# Some stuff (by Olivier)



## olivierthelord (Aug 15, 2013)

Hi all, 

Here is some of my stuff :




























I hope you will like them


----------



## olivierthelord (Aug 15, 2013)

Thank you very much


----------



## Ernest Scribbler (Feb 17, 2013)

Welcome My Lord.

That's some very inspiring stuff, it makes me think as to what beautiful self penned piano piece the pianist has conjured up, it reminds me of the condition called Synesthesia where an individual's brain is 'wired up' a certain way, that when they play and hear music they can actually see it visually. 

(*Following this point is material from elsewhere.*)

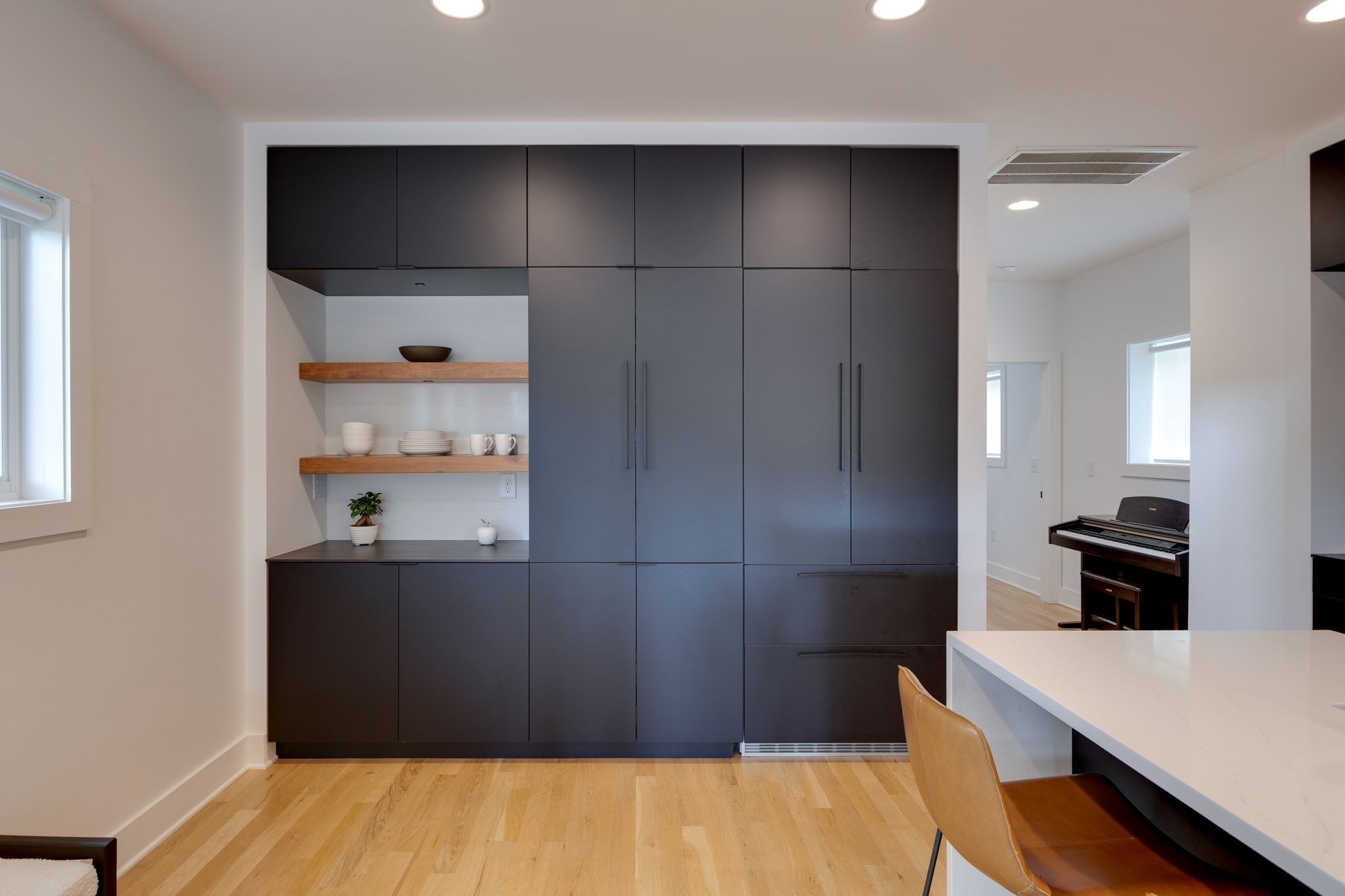 The chef’s kitchen is a showstopper, with open shelving, a Liebherr refrigerator, gas Whirlpool 4-burner range with center grill, Asko dishwasher, built-in pantry cabinetry with pull-out drawers, and a microwave—all designed for cooking and entertaining with ease.

And the stylish dude in the hat is very slick - excellent clothing. What software suite or mixture of, do you use to create these?


----------



## tricky raven (Aug 2, 2013)

Wow! I'm actually speechless which is pretty rare for a raven lol! Not only is your art vibrantly alive, it vibrates at a very high spiritual level too...there's a message for everyone who takes the time to contemplate them.

Thanks for sharing!!


----------



## olivierthelord (Aug 15, 2013)

Thank you very much . Actually I don't draw since many months, but I'm planning to draw again


----------



## desertdogg (Aug 18, 2013)

great stuff. I don't know much about digital art but hope to learn someday. did you spend a lot of time doing the painting of the guy in the hat. thanks. larry


----------



## olivierthelord (Aug 15, 2013)

Hi Larry, 

Thank you for your comment . I spent actually not so much time on the guy with the hat, about 2-3 hours I think.

See you,

Oliver


----------



## bug (Jul 31, 2013)

i can't stop looking at your first piece, it's so entrancing. i have a love for piano's which may make my opinion biased. but i also love the subtle details you put in, like his reflection on the floor and the light on the water in the background. absolutely phenomenal work, i'm in awe


----------



## olivierthelord (Aug 15, 2013)

Thank you very much Bug, I appreciate your comments .


----------



## DavidSanchezArt (Sep 27, 2013)

These are fantastic.great use of color . Love the one with the top hat


----------